Hoshaiah or Oshaya (Also spelled: Oshaia; , ; died ca. 350 CE) was a Jewish amora of the 3rd and 4th amoraic generations.

Biography
It is supposed that his colleague Hanina was his brother. They were lineal descendants from Eli the priest, which circumstance they assigned as reason for Johanan's failure to ordain them. For a living they plied the shoemaker's trade. Furthermore, the Talmud refers once to Hoshaiah and Hanina as rabbis (with the generic term Rav), when dealing with the laws differentiating magic as illusion and as wizardry. Hoshaiah and his colleague stand out as producing magic while studying Sefer Yetzirah, which is there considered neither illusion (aḥizat eynayim, literally "catching of the eyes") nor sorcery.

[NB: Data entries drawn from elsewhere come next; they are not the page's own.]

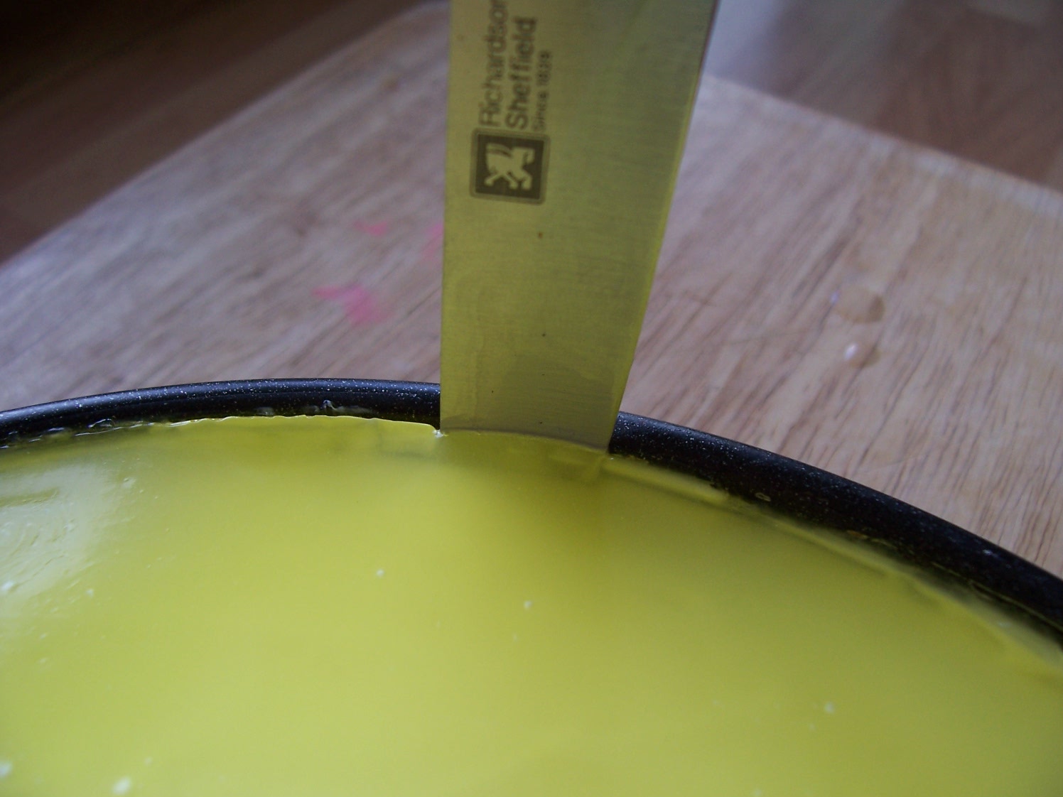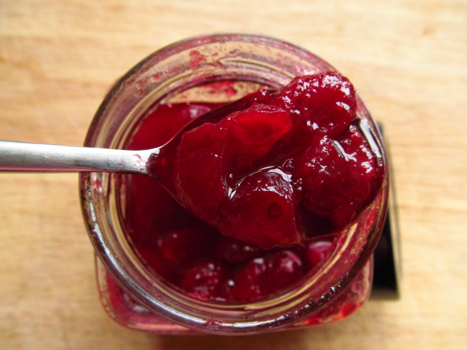 Test for set - pour a little onto a cold saucer (from the freezer), if the edges wrinkle slightly when tipped, the jam is ready. (This was wrinkling, I promise). If it won't wrinkle then boil for another 5 minutes and test again.
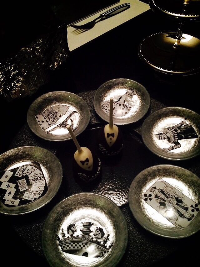 そして数時間後… 今回参加されたb.b.booのオーナーさまより届いた写真。トランプシリーズの豆皿がテーブルコーディネートされている!!しかもバレンタインのチョコレートと一緒に♡ ドット柄のお皿とシルバー豆皿がとってもかっこいいですよね。
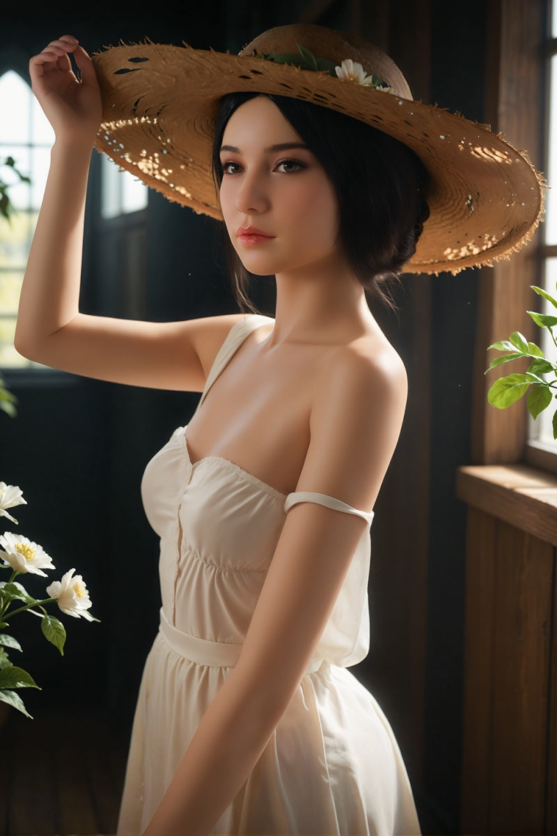 Addilyn is a vision of mature elegance, her short black hair framing deep, enchanting eyes that seem to draw you into her calm and gentle demeanor. Dressed in a simple white spaghetti strap dress that highlights her D-cup curves, she stands gracefully by the windowsill, gazing out at the greenery. A chic straw hat adds a soft, understated charm, while her lifelike skin offers a natural, warm touch. Every detail of Addilyn’s design is carefully crafted, creating a partner who exudes warmth and beauty.

Hoshaiah and Hanina are also mentioned in connection with a certain bath-house, the ownership of which was contested by two persons, one of whom turned over the property as "hekdesh" (for sacred use), causing Hoshaiah, Hanina, and other rabbis to leave it.

On the day Hoshaiah died, it is claimed, the largest date-palm in Tiberias was uprooted and fell.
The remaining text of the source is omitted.